To the delight of the youngest among the 74th Dubrovnik Summer Festival audience, The Enchanted Forest is in this year’s programme yet again. This is a children’s musical theatre piece based on the eponymous novel by Sunčana Škrinjarić and directed by Lea Anastazija Fleger, with music composed by Frano Đurović under the baton of Mateo Narančić.

Mara and Kata, an original project by Saša Božić in collaboration with actresses Nataša Dangubić and Doris Šarić-Kukuljica, will be making the audience laugh for the fourth season in a row this summer. In the year marking the hundredth anniversary of Miljenko Smoje‘s birth, the characters from his iconic Velo misto are brought to life on stage under the direction of Marina Pejnović, who also adapted Smoje’s novel. The festival audience will watch this Komedija Theatre production on the iconic Revelin Fort terrace.
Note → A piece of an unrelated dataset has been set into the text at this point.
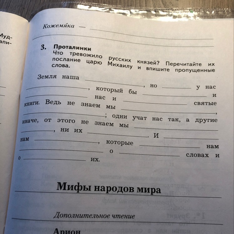 Что тревожило русских князей? Перечитайте их послание царю Михаилу и впишите пропущенные слова.

The traditional staging of the Lero Student Theatre is once again a part of the Dubrovnik Summer Festival, with Mostly Sunny which continues, in line with its characteristic stage poetics and directing style of Davor Mojaš, to recognise and open up some current reflections of fraught, sombre everyday life filled with warning winds and stifled sighs so common of autumn, and not only in Dubrovnik.
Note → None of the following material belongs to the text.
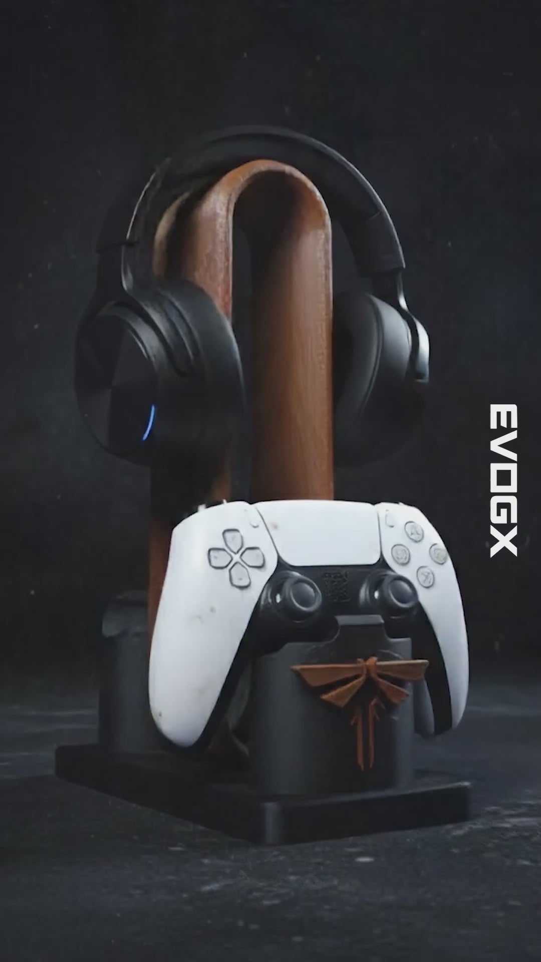 The Last of Us evreninden ilham alan bu özel üretim EVOGX PlayStation & Xbox oyun kolu ve kulaklık standı, oyuncu odanı post-apokaliptik bir sahneye dönüştürür.

The dance programme is also a very rich one…

Ballet lovers will enjoy The Great Gatsby performed by the Croatian National Theatre in Split, choreographed and directed by Leo Mujić on the 2nd and 3rd of August. The audience will get to enjoy Francis Scott Fitzgerald’s literary masterpiece set in the roaring twenties New York in early August.

An integral part of the Dubrovnik Summer Festival’s programme are performances by the Linđo Folklore Ensemble, who will take the stage on the Revelin Fort terrace a total of four times this summer. This year, their programme is based on the classical repertoire, but with a new original opening, two new pieces of choreography, and a musical number (on the 5th, 14th and 19th of August).

A city of art in every single sense

As you can gather from the extensive information provided in this article about the amazing Dubrovnik Summer Festival which has been delighting people from far and wide for 74 years now, the Pearl of the Adriatic, or Croatia’s tourist Mecca, is far more than a place to visit to top up your tan and have a swim. This city lives, breathes, and is built on art. A cradle of diplomacy literature, music, drama, theatre and comedy – the home of Dubrovnik-born writer Marin Držić continues to stay true to itself in every possible way. Come and experience the heart and lungs of a city that has surprised the world, time and time again.